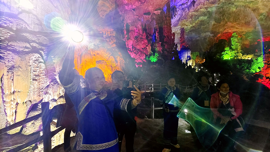 游人在广西凤山县鸳鸯洞景区参观游玩。高东风 摄 鸳鸯洞多彩景色如画卷。高东风 摄 游客在鸳鸯洞内拍照留念。高东风 摄
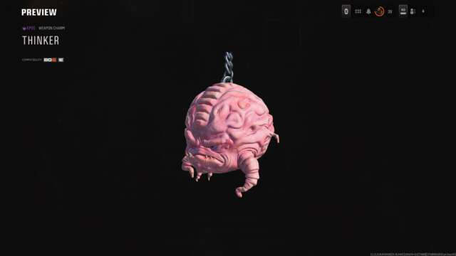 The “Thinker” weapon charm is unlocked in the free event pass at 300,000 XP earned. This is a weapon charm of Kraang, a notable villain from the TMNT franchise.
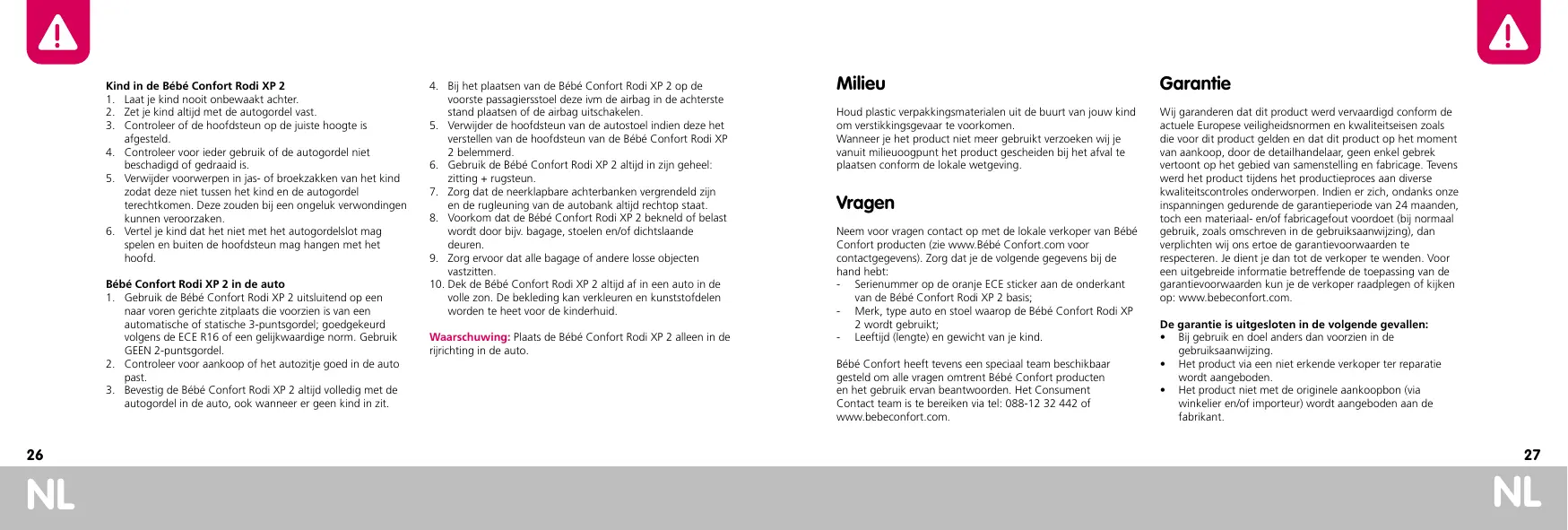 était exempt de tout défaut de composition et de fabrication. Pendant son processus de production, ce produit a également été soumis à divers contrôles de qualité. Si, malgré tous nos efforts, un défaut de matériau et/ou un vice de fabrication venait à survenir pendant la période de garantie de 24 mois (dans le cas d’une utilisation normale, telle que décrite dans le mode d’emploi), nous nous engageons à respecter les conditions de garantie. Vous êtes alors prié de vous adresser à votre vendeur. Pour des informations plus détaillées concernant l’applicabilité des conditions de garantie, veuillez prendre contact avec votre vendeur ou regarder sur : www.bebeconfort.com.
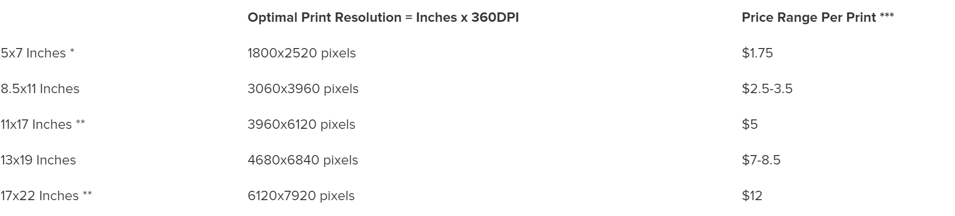 - Choose how many prints you'd like in any combination, remember no minimum!
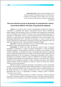 It is found out, that in context of psychological researches the category of “chronotope” in combination with category “communicative activity” allows to describe the spatial, temporal, value and semantic systems of co-operation and communication of personality with the surrounding world. Possibility of research of the socio-psychological phenomenon of chronotope of communicative activity in post-non-classical discourse of special psychology is outlined. It is vested in theory, that chronotope of communicative activity is the complex socio-psychological phenomenon that is constructed by personality as a result of his/her real and virtual co-operation and communication in measuring of everyday and extraordinary reality with Other, that is opened out in time, value and semantic continuum of existence.
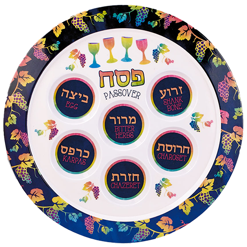 Adorn your Passover table with this elegant Seder plate! Vivid colors and a grape vine design printed on durable melamine to ensure many years of good use!

++++++++++++++++++++

## What is expected
Leave the images out. Set down all of the material above exactly.

## Reply to the exercise
 游人在广西凤山县鸳鸯洞景区参观游玩。高东风 摄 鸳鸯洞多彩景色如画卷。高东风 摄 游客在鸳鸯洞内拍照留念。高东风 摄
 The “Thinker” weapon charm is unlocked in the free event pass at 300,000 XP earned. This is a weapon charm of Kraang, a notable villain from the TMNT franchise.
 était exempt de tout défaut de composition et de fabrication. Pendant son processus de production, ce produit a également été soumis à divers contrôles de qualité. Si, malgré tous nos efforts, un défaut de matériau et/ou un vice de fabrication venait à survenir pendant la période de garantie de 24 mois (dans le cas d’une utilisation normale, telle que décrite dans le mode d’emploi), nous nous engageons à respecter les conditions de garantie. Vous êtes alors prié de vous adresser à votre vendeur. Pour des informations plus détaillées concernant l’applicabilité des conditions de garantie, veuillez prendre contact avec votre vendeur ou regarder sur : www.bebeconfort.com.
 - Choose how many prints you'd like in any combination, remember no minimum!
 It is found out, that in context of psychological researches the category of “chronotope” in combination with category “communicative activity” allows to describe the spatial, temporal, value and semantic systems of co-operation and communication of personality with the surrounding world. Possibility of research of the socio-psychological phenomenon of chronotope of communicative activity in post-non-classical discourse of special psychology is outlined. It is vested in theory, that chronotope of communicative activity is the complex socio-psychological phenomenon that is constructed by personality as a result of his/her real and virtual co-operation and communication in measuring of everyday and extraordinary reality with Other, that is opened out in time, value and semantic continuum of existence.
 Adorn your Passover table with this elegant Seder plate! Vivid colors and a grape vine design printed on durable melamine to ensure many years of good use!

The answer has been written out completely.